他又拿起那叠黄纸,“这是黄纸,专用于白事祭祀之用。金银纸、纸钱、纸人纸马,哪个不用黄纸?每年清明中元,全城上下烧的纸钱堆起来能垒成一座山。”
台下渐渐安静了下来,那些商人的表情已经开始变了。
有人坐直了身子,有人摸着下巴开始盘算。
可萧渊还没停,他拿起那卷雪白绵厚的卫生纸,当着所有人的面展开一卷,语气自然地介绍:“这是卫生纸,专用于如厕。柔软绵厚,吸水性好,比你们用的竹片、锦布,稻草舒服干净得多。”
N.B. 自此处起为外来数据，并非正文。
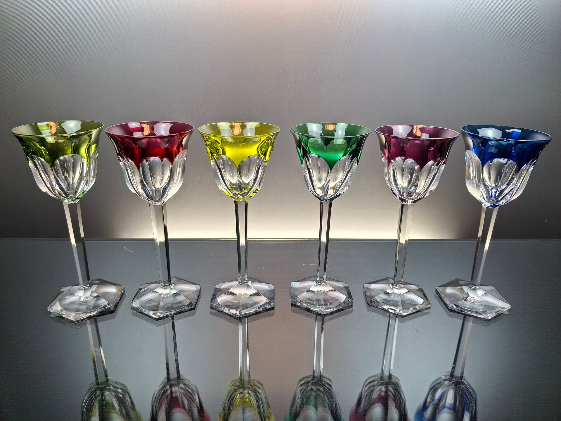 6 colored Belgian crystal wine / roemer glasses “Val Saint Lambert - Bayreuth”

台下顿时响起一阵尴尬的轻咳声,有人别开了目光,有人假装没听见,可他们心里却已经开始琢磨了!
这东西要是真能推广开,每户人家每个月都得买,这用量可就大了去了。
萧渊最后拿起那几包小巧的布包,掂了掂:“这是卫生巾……专为女子月事所制。吸水、透气、安全、方便,用完即弃,比你们府上那些反复搓洗的旧布条干净卫生得多。”
这话一出,台下瞬间炸了锅。
女眷们个个瞪圆了眼睛,脸上一阵红一阵白。
叶挽月更是“刷”地一下别过头去,耳根烧得通红,又羞又气地咬了咬唇,忍不住在心里暗骂了一句登徒子!
可她又忍不住多看了那东西一眼,心里头鬼使神差地想着:要真能用,好像确实比那些旧布条舒服很多……
李凌雪坐在场边的坐席上,手里的茶杯差点没端稳,脸上也是又红又烫,她低头假装喝茶,可耳朵尖上的红色根本藏不住。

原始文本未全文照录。